GELSENKIRCHEN, 19. 06. 1999

Mitten in die Dinge hinein
DIE VERKAUFTE ILLUSION

von DIETMAR KESTEN

Als der amerikanische Präsident BILL CLINTON sich vor einigen Monaten im Repräsentantenhaus dafür stark machte, daß die US-Rüstungstechnik auf den neusten Stand gebracht wird, hatte er womöglich bereits bestimmte Krisenherde im Visier, in denen das bisherige Rüstungspotential der Amerikaner getestet werden sollte.

Der Jugoslawien-Krieg war unter dem Aspekt des 'Testfalls' allerdings eine hinkende Logik; denn konsequenterweise kam er nicht ohne wesentliche Zugeständnisse aus, die an die Rüstungsindustrie gemacht wurden: Der Bombenkrieg ums Kosovo war eine Schau überlegener Rüstungstechnik, der sehr verkaufswürdig ausgefallen sein dürfte.

CLINTON hatte bereits zu Beginn seiner Amtszeit die US-Rüstungsindustrie dazu aufgefordert, sich stärker auf den Export zu konzentrieren, um somit wieder in den Kreis der Produktion und des Profits einzutreten.

Seither gab es eine beispiellose Fusionswelle: Lockheed, Northrop, Martin-Marietta konkurrieren nicht mehr gegeneinander, sondern gemeinsam gegen Europa und Asien.

In dieser Zwickmühle stehend, muß Europa den künftigen Weg skizzieren, auf dem es der überstarken Großmacht etwas entgegenzusetzen hat und sie letztlich übertrumpfen kann.

Durch die Beteiligung Deutschlands am JugoslawienKrieg, hatte es seinen Einstand gegeben, und eine zutiefst pessimistische Beurteilung der zukünftigen 'Eurovision', speziell der deutschen Kraftentfaltung, dürfte jetzt unwiderruflich sein.

Ausgerechnet der Balkan, der Brennpunkt der europäischen Geschichte, könnte wieder einmal den Teufelskreis von Krieg, Elend, Vertreibung, Verarmung -und wieder neuer Kriege ebnen.

Die USA haben die europäischen Mächte, allen voran Deutschland, in eine 'Allianz' hineingezwängt, aus der sie nur schwer wieder herauskommen dürften. Vor zehn Jahren mit dem Fall der Mauer und der Sowjetunion schien ein ungeheures latentes Gewaltpotential gebrochen.
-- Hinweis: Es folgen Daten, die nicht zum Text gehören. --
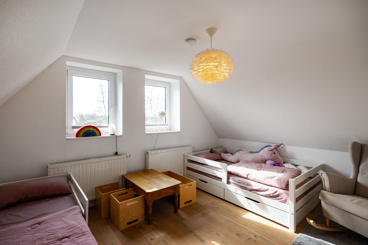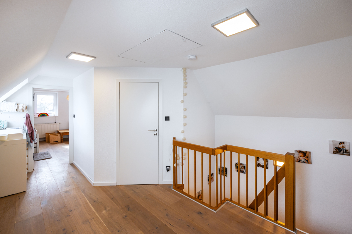 das Haus bietet vielfältige Nutzungsmöglichkeiten mit mehreren hellen Schlafzimmern im Obergeschoss. Die Räume überzeugen durch ihre freundliche Gestaltung, angenehme Lichtverhältnisse und eine behagliche Wohnatmosphäre. Ergänzt wird das Raumangebot durch moderne, geschmackvoll ausgestattete Bäder mit Dusche, Badewanne und Tageslicht.

Mit zunehmender Modernisierung und Globalisierung wurde seit dieser Zeit regelmäßig versucht, die unüberbrückbare Kluft zwischen Ideal und Wirklichkeit, zwischen Abschirm-Diskussion und Ausweich-Dispersion, zwischen Verkennung der tatsächlichen Realitäten und Ausweichmannövern durch Zwang und damit einhergehende Ideolisierung der Verhältnisse zu schließen.

Diese Strategien und Taktiken der westlichen Mächte liefen darauf hinaus, zu extrahieren, wo künftige 'Gefährdungsgebiete' liegen könnten, die eine Daseinsberechtigung der NATO ausmachen.

Die Winkelzüge der westlichen Diplomaten, die zunächst eine schier hoffnungslose Aufgabe übernommen hatten, wurden schon bald mit Erleichterung quittiert; denn die Illusion verflog, daß Osteuropa seit dem 'großen Aufbruch' den Weg in die eine wie auch immer geartete Freiheit nehmen würde. Ein latent vorhandener politischer Nationalismus war neben zahllosen anderen Unwägbarkeiten die Zukunft einer Reihe ehemals mehr oder weniger strammer marxistischer Staaten östlicher Prägung.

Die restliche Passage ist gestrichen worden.